It is wonderful to see more young adult books about diverse
cultures and communities making it to publication and receiving the promotion
and recognition they deserve. We need well written stories that give us the opportunity
to step into new cultures and view life through someone else’s eyes. Diverse
books give us understanding and compassion and allow us see ourselves, in all
our otherness, reflected in the stories we read.
The current attention to diversity titles may be due in part
to the campaign called ‘We need diverse books’ which recognises that children’s
books don’t always reflect the diversity that can be found in every community
and classroom.
Last year, while reading the School Library Journal I came across a review for a terrific new book called An Uninterrupted View of the Sky, set in Bolivia, South America. This book grabbed my interest because it is not only about stepping into another culture, it is about a culture that I actually have stepped into!
In 2014 I travelled to Cochabamba, Bolivia and walked the
very streets this book is set in . I wandered the cancha’s (markets) and took
the high-altitude, low-oxygen climb above the streets to view the Cristo del
Concordia. While I was there I met many beautiful
young people whose lives had also been interrupted by time spent in prison due
to their parents' incarceration. These teenagers impressed us with their
resilience in such a broken and corrupt society.
* * *
And so to the story.
Francisco's Papa is a poet from the rural Andes. He loved his rural roots but moved to the
city of Cochabamba to give his children education and opportunity. When Papa is shockingly arrested on false drug trafficking charges, Francisco’s mother
gives up all hope for a better future and abandons her home and family. With
no home to go to, Francisco and his sister Pilar must stay at the jail with
their father, as is the custom in many South American cities.

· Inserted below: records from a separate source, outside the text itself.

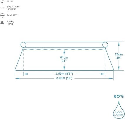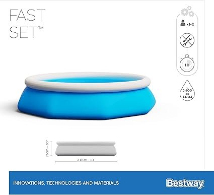 La piscina Bestway Fast Set de 305×76 cm es perfecta para disfrutar del verano en familia. Su diseño autoportante permite un montaje rápido y sencillo.
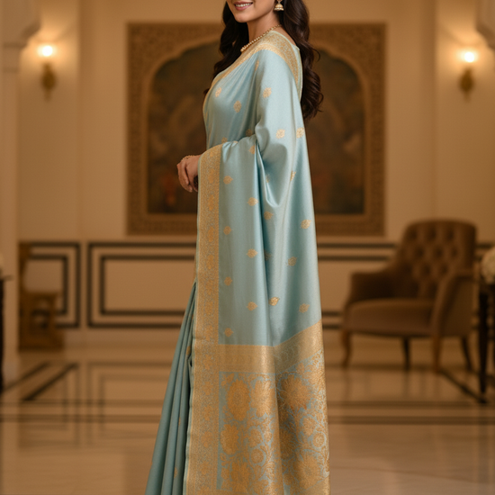Weave: Intricate Allover Gold Zari Weaving (often using the Kadwa or Katan technique).
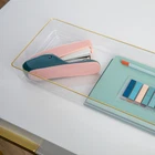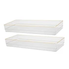 Thoughtful, functional storage is at your fingertips with this 2 pack of 15" x 6" Kerry Stackable Organizers. Clear, BPA-free plastic bins are elevated by beautiful gold trim and can be configured on demand for a custom fit in a drawer or on top of your work surface. Recessed bottoms allow the components to slide from side to side for quick access and stack vertically making them an ideal storage solution for small spaces. Non-slip feet ensure these organizer trays stay where you put them and the sophisticated, versatile design multitasks in countless other living spaces requiring tidy, clutter-free surfaces. Storage and organization can be beautiful as well as functional with this set of two 15" x 6" Kerry Desk Drawer Organizers Modular stack and slide design allows for multiple configurations both in-drawer and on the desktop for a custom fit Premium crack resistant and BPA free plastic composition with elevated gold trim Non-Slip feet keep each piece perfectly in place for tidy surfaces Dimensions (2) - 6"W x 15"D x 2"H
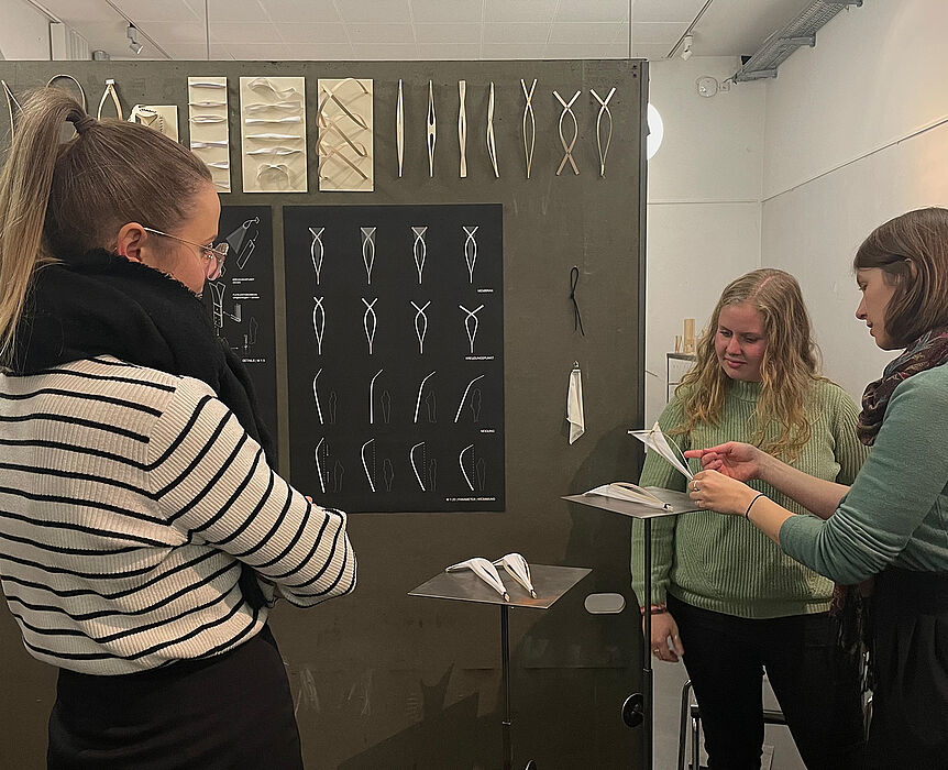Entwerfen hat eine Richtung - die Ausführung. Mit dem Projekt als wörtlichen Wurf in die Zukunft übersetzen wir immer auch für Adressat:innen, seien es Auftraggeber, Handwerkerinnen oder Roboterarme. Entlang technologischer Fiktionen und Friktionen erprobt das Fachgebiet hier experimentelle Strategien zwischen Materialprobe, Prototyp und 1:1. Ansätze skalarer Fabrikation, intuitiver Technologienutzung und wertschöpfungsbezogener Rohstoffstrategien werden dabei transdisziplinär mit oft ungewohnten Partner:innen erprobt. Zwischen Industrie, Handwerk, Wissenschaft und Kultur entwickelt sich damit ein Netzwerk nachhaltiger Kollaborationen als Inkubator spekulativen Foschens und Lehrens im digitalen Wandel.
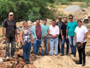 Vídeo: Prefeito Tiago Castro e comitiva de vereadores visitam as obras de construção da passagem molhada do Rio da Tapera, em Cabaceiras

Though Papa is in deep despair he hangs on to his belief
that Francisco must be the one to break through the poverty cycle. He
encourages Francisco to keep working hard on his grades so that he can attend
university and acquire the skills to challenge and the change the corrupt legal
systems of the city. As the harrowing weeks pass, where they attend school during the
day and go home to the prison at night, Francisco and Pilar realise another
of their classmates is also living in the prison. Pilar befriends Soledad, a
teenage girl who is in grave danger living in the prison cells, but who has
nowhere else to go.
Soledad’s grim situation motivates Francisco to take Pilar and
Soledad back to their father’s Andean home. Francisco is astonished to find how
beautiful and peaceful it is and he begins to understand his father’s dream for
him.
In the last few pages of the book Francisco, still living in
the village, receives a letter. He has been successful in his application to attend San Simon University.
Melanie Crowder has done a wonderful job of drawing an
accurate picture of the realities of life in this harsh country, but like the
poetry of Francisco’s father she manages to weave a message of hope and
possibility throughout the heart-wrenching imagery.
A wonderfully well-written and engaging story.